BILL ANALYSIS

C.S.H.B. 1504

By: McClendon

Public Health

Committee Report (Substituted)

BACKGROUND AND PURPOSE

The distribution channel of pharmaceutical products in Texas has several sources of wholesale supply, one of which is through licensed secondary wholesale distributors.  As a result of S.B. 943, 80th Legislature, Regular Session, 2007, secondary wholesale distribution and drug pedigree documentation in Texas came under increased oversight by the Department of State Health Services (DSHS) through more stringent wholesaler licensing and drug pedigree documentation as stated under Chapter 431, Health and Safety Code.  One of the intended purposes of S.B. 943 was to conform state law to proposed Food and Drug Administration requirements that were then not yet implemented.

The changes in the drug pedigree documentation required by S.B. 943 created unintended consequences for the market of professionals and patients being served by these licensed secondary wholesale distributors of pharmaceutical products, such as the increase in pharmaceutical costs for Medicaid and Medicare patients because of increased costs to the medical clinics or offices where they were treated.  The non-pharmacy secondary wholesale distributors primarily serve communities where small medical clinics, including outpatient clinics and veterinary clinics, and physicians' offices need pharmaceutical supplies.  In some instances, they serve the pharmaceutical needs of state mental health and mental retardation facilities.  Small distributors are the main suppliers of prescription products to physicians' offices, nursing homes, clinics, and hospitals in major cities and rural communities in Texas, but purchase and delivery of pharmaceuticals to these locations through larger wholesale distribution outlets is either not available or is more costly and slower in delivery.

S.B. 943 also exempted larger wholesale distributors from the requirement of providing pedigreed prescription products because these distributors remained in the normal distribution channel.  This increased the pharmaceutical costs for clinics, physicians, and patients not being served by the large annual access fees charged by the larger, primary national wholesale pharmaceutical distributors to the secondary distributors.

This bill seeks to enable licensed small wholesale distributors who contract with larger wholesalers for supply or pharmaceutical products to contract for such products within the normal distribution channel and resell the products in their original form to the health care providers they customarily serve by placing secondary wholesale distributors in the ordinary or normal channel of distribution.  The bill maintains DSHS licensure and oversight of non-pharmacy secondary wholesale distributors.

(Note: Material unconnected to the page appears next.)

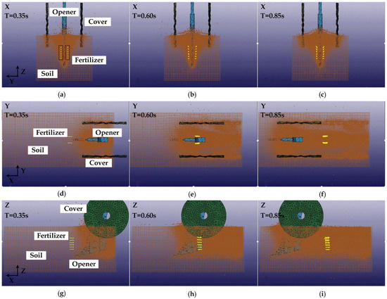 When the working speed was set to 1 m/s, the depth of soil of the opener was 250 mm, and the depth of soil of the cover was 100 mm. The start time was set when the opener touched the soil, and the simulation ended when it left the soil completely. The fertilizer movement in the three directions of X, Y, and Z is shown in Figure 2. Figure 2a,d,g shows state diagrams when the time was 0.35 s. The hill-drop fertilizer device started to contact the fertilizer. Figure 2b,e,h shows state diagrams when the time was 0.60 s. The soil was damaged by shearing and squeezing from the opener and cover, which caused large disturbance. The fertilizer was displaced by gravity and the surrounding soil. Figure 2c,f,i shows state diagrams when the time was 0.85 s. With the increase of time, the contact between the opener and soil increased, and the disturbance range of the fertilizer and soil became larger, and the deformation degree of the fertilizer increased.
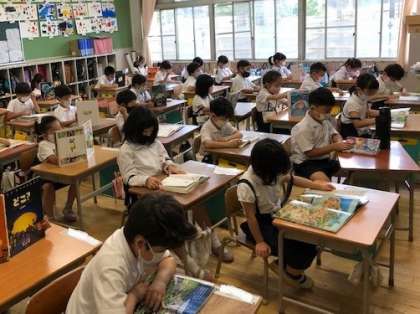 小学校では、毎週火曜日の8:30〜8:40に、読書タイムに取り組んでいます。

C.S.H.B. 1504 revises the definition of "normal distribution channel." The bill exempts a state agency or political subdivision of the state from certain requirements if the agency or political subdivision distributes prescription drugs under certain circumstances.

RULEMAKING AUTHORITY

It is the committee's opinion that rulemaking authority is expressly granted to the executive commissioner of the Health and Human Services Commission in SECTION 3 of this bill.

ANALYSIS

C.S.H.B. 1504 amends the Health and Safety Code to revise the definition for "normal distribution channel" to include a chain of custody for a prescription drug, either directly or by drop shipment, from the manufacturer of a prescription drug, the manufacturer to the manufacturer's co-licensed product partner, the manufacturer to the manufacturer's third-party logistics provider, or the manufacturer to the manufacturer's exclusive distributor, to an authorized distributor of record to a wholesale distributor licensed under the Texas Food, Drug, and Cosmetic Act to another designated person authorized by law to dispense or administer the drug to a patient.

C.S.H.B. 1504 exempts a state agency or political subdivision of the state that distributes prescription drugs using federal or state funding to nonprofit health care facilities or local mental health or mental retardation authorities for distribution to a pharmacy, practitioner, or patient from certain provisions relating to wholesale distributor license requirements, criminal history record information, bond requirements, and pedigree requirements for prescription drugs provided.

C.S.H.B. 1504 requires the executive commissioner of the Health and Human Services Commission to adopt, modify, or repeal rules as necessary to implement the bill's provisions as soon as practicable after the effective date of the bill.

EFFECTIVE DATE

On passage, or, if the act does not receive the necessary vote, the act takes effect September 1, 2009.

COMPARISON OF ORIGINAL AND SUBSTITUTE

C.S.H.B. 1504 differs from the original by omitting from the revised definition of "normal distribution channel" the chain of custody for a prescription drug from an authorized distributor of record to a licensed wholesale distributor to a pharmacy to a patient and from an authorized distributor of record to one other licensed wholesale distributor to a licensed practitioner for office use.

C.S.H.B. 1504 adds a provision not included in the original exempting from certain requirements relating to wholesale distributors a state agency or political subdivision of the state that distributes prescription drugs using federal or state funding to nonprofit health care facilities or local mental health or mental retardation authorities.